The data showed that most of the beneficiaries’ claims are for Genito-urinary diseases, followed by Oncology and Cardiology. (Image 8) Further analysis also indicated that number of claims in Genitourinary cluster (dialysis/renal) was the highest while the claim amount was maximum in the cardiology cluster.
It is also noticed that around 6000 records do not have any disease cluster group mentioned, which is a discrepancy. This will be one of the risk areas for our audit.
The disease clusters spread amongst the scheme types show that Cardiology claims are more amongst BPL whereas Oncology claims are more amongst the non BPL category. (Image 9)
Apart from identifying the risks certain exceptions, such as transactions without the doctor’s name, transactions where the claim amount had exceeded two lakh rupees, and other exceptions like this were identified. These exceptions would be verified during substantive audit for correctness.
Deriving Audit Objectives
The insights derived from the visualisations, as shown above led to the identification of risks, from where audit objectives were drawn. The audit objectives could be summed up as:
Whether proper procedures have been followed during the process of enrolment
Whether hospitals have been empanelled against the standard benchmarks
Whether cashless treatment have been provided to the beneficiaries
Whether claims were passed with reference to pre-authorisation approval.
Challenges faced during audit –
Human nature is averse to change. Being the new concept in Government audit, psychological barrier was the biggest challenge while doing the big data analytics. In our case, initially the team members were hesitant and raised doubts about the need and efficacy of such type of analysis. Big data analysis was confused with IS audit. But, through constant persuasion and insistence, the work of data analysis began and as the analysis took momentum and started showing some visible outcomes, its importance was realized and the attitude of our team changed.
Some of our team members were not trained in data analytics. So, we provided them the CDMA training module of Knime and Tableau which gave the basic idea about the data analysis and use of these tools.
Regarding data analysis, we faced three levels of challenge. The first level challenge was to get the access above to dump data (SQL database) from the engaged agencies. After several pursuance, health department obtained the dump database (for the period from 2012-13 to 2016-17) from the agencies and handed over it to audit team in the external hard disk.
Second level challenge was restoration of available data. In our office, the process of procurement of server and desktops was not completed by the time of analysis. Due to non-availability of hardware/software, it was decided to take help of CDMA. The dump data was taken to CDMA and there it was analyzed.
Third level challenge was to verify the documents uploaded at the server for the purpose of enrollment and for hospital treatment/claim process. The audit team got the view rights at par with the view rights of SNC to verify the documents available online.
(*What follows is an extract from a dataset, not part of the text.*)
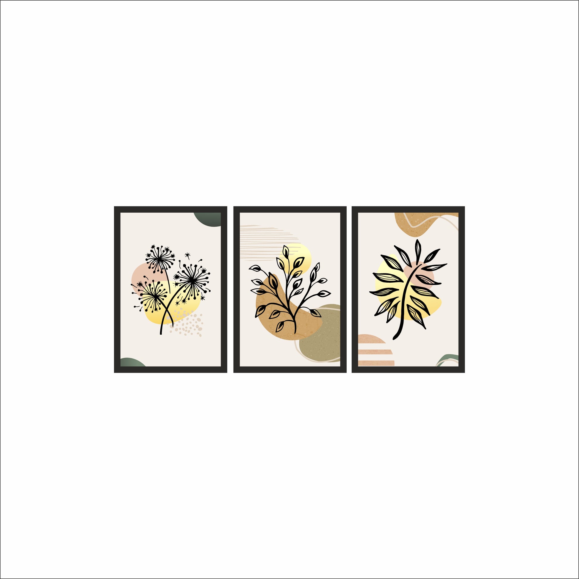 Enhance your walls with calm earthy aesthetics using this Botanical Abstract Wall Frame Set of 3. Each artwork features elegant nature-inspired line art over soft neutral backgrounds in tones like warm yellow, tan, olive green & peach — giving your décor a subtle yet artistic feel. Perfect choice for living rooms, bedrooms, offices, cafés & boutique interiors.

Lastly, it was very important to absorb the outcomes of data analysis in the audit guidelines. Due care and supervision was required at this stage. The audit objectives, audit questions and sub questions were carefully woven around the results of data analysis.
To conclude, the data analysis of Health Assurance Scheme gave us valuable insights about the functioning of the scheme which would help while doing the audit. In process, we also developed the Data Analytics Model which would further help us to do ‘Follow up’ audit.
1. (1) Burns, (2) Cardiology, (3) Cardiothorasic Surgery, (4) Cardiovascular Surgery, (5) Genitourinary Surgery, (6) Neuro Surgery, (7) Peadiatict Surgeries, (8) Poly Trauma, (9) Medical Oncology, (10) Radiation Oncology and (11) Surgical Oncology.